In August, FDA floated what it pegged as technical assistance to pending legislation that would cement the agency’s authority to regulate high-risk clinical laboratory diagnostics, including laboratory-developed tests and in-vitro diagnostics. FDA, in its technical assistance, proposed the establishment of “a collaborative community” of stakeholders –including patients, care partners, academics, health care professionals, payers, federal and state agencies, industry, and international regulatory bodies.

 

That community, according to the technical assistance document, would make recommendations to FDA on development and regulatory issues, such as: how to mitigate measures for in-vitro clinical tests; development and performance standards for in-vitro clinical tests; the scientific and clinical evidence needed to support new claims for tests; new technologies and methodologies for tests; stakeholder engagement; new approaches and solutions to multifaceted problems; and development of effective policies and processes.

 

Gottlieb hopes the concept will serve as a model for the cancer research community. “For example, FDA would hope to work on an on-going basis with leading oncologists, pathologists, and other outside experts in real time to develop standards for analytical validity for different types of tests,” he said Thursday. “We’d also seek to work with the right experts to evaluate emerging clinical evidence to support the clinical validity of newly identified variants.”

 

Building off the steps FDA has taken to regulate next-generation sequencing tests, the agency would also leverage public databases and expertise of academic medical centers, and work with researchers in oncology and other medical specialties to develop regulatory expectations for novel technologies.

 

Gottlieb also highlighted other FDA efforts to streamline medical device regulation, which he said could be used to accelerate cancer drug development.
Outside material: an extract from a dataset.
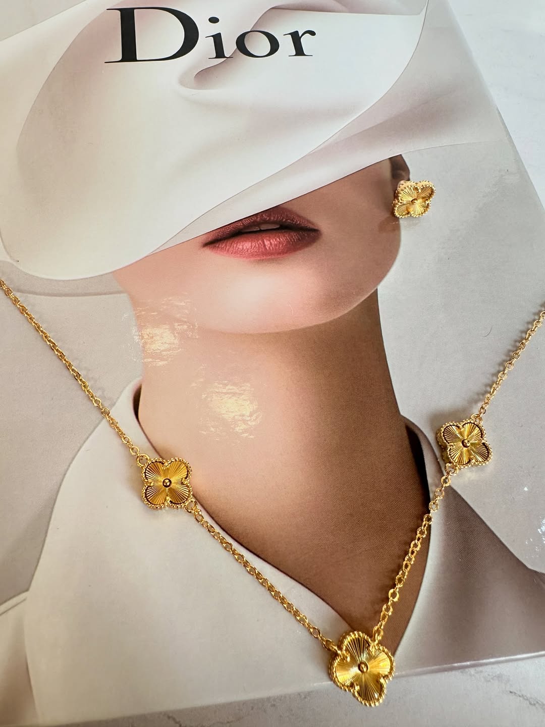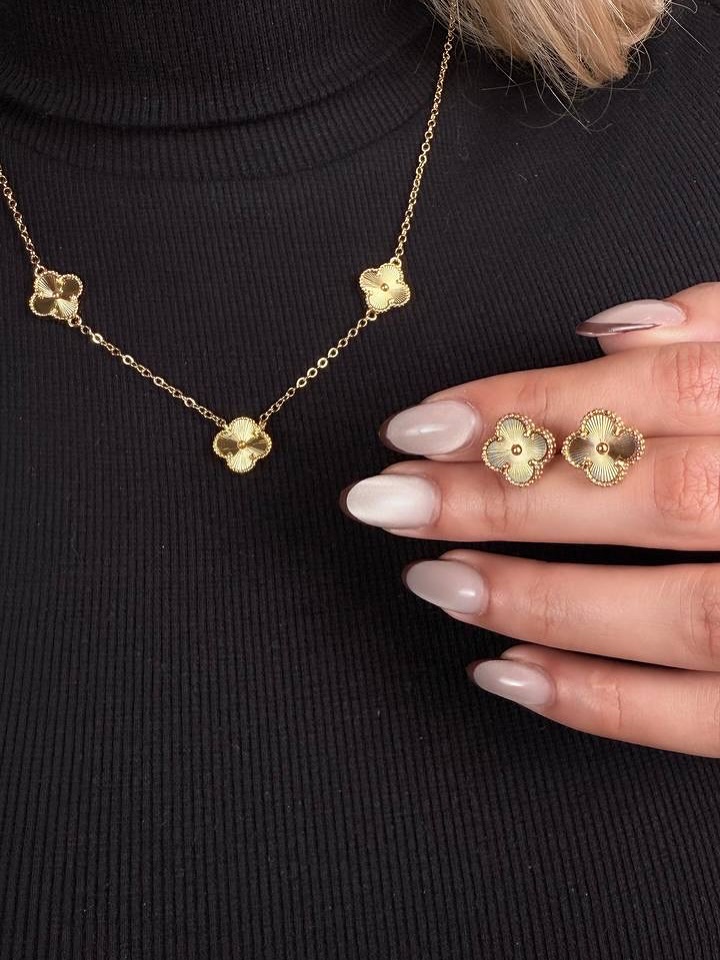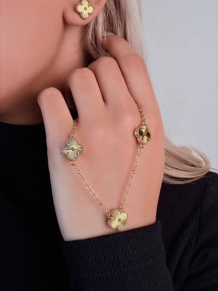 نیم ست ونکلیف سه گل گردنبند و گوشواره کپی طلا

Specifically, the agency’s device center is working with the National Institute of Standards and Technology to advance reference materials that can evaluate the analytical performance of NGS tests and has introduced an approach that would allow reporting of additional oncogenes or gene variants of the same type without an additional submission to FDA.

 

Such advancements could help reduce patient screening time, accelerate cancer drug development and improve clinical outcomes, Gottlieb said. However, he added, the device program is still operating under an outdated regulatory framework that “isn’t well suited” to challenges presented by newer technologies.

 

“The decision to exercise enforcement discretion over laboratory developed tests was made in a different time and under different circumstances. We must ask whether that approach still makes sense?” the FDA chief said.

 

He continued: “If the opportunity exists to modernize our approach to diagnostics regulation through legislation, FDA is a willing partner in those efforts. We’ve already made clear we’ll embrace it and offer new ideas. We know there’s a lot of work to be done. And we know that stakeholder feedback is critical.”

 

In its August technical assistance document, FDA floated legislative language that would set up two risk categories for diagnostic tests: first-of-a-kind screening cross-labeled devices that would be subject to FDA premarket review, and low-risk devices that could voluntarily go through FDA’s precertification process.

 

FDA believes that a reformed, streamlined approach to diagnostics regulation could result in fewer than 10 percent of tests requiring individual premarket review, Gottlieb said Thursday. About 40 percent percent would be eligible for a precertification pathway and more than 50 percent would be exempt from premarket review, he added.

 

“In addition, we can foresee a market in which only about one-half of the test modifications that are currently subject to FDA premarket review would still be reviewed premarket,” the commissioner said. “So, the process we envision can be far more efficient and even more robust than our current efforts.”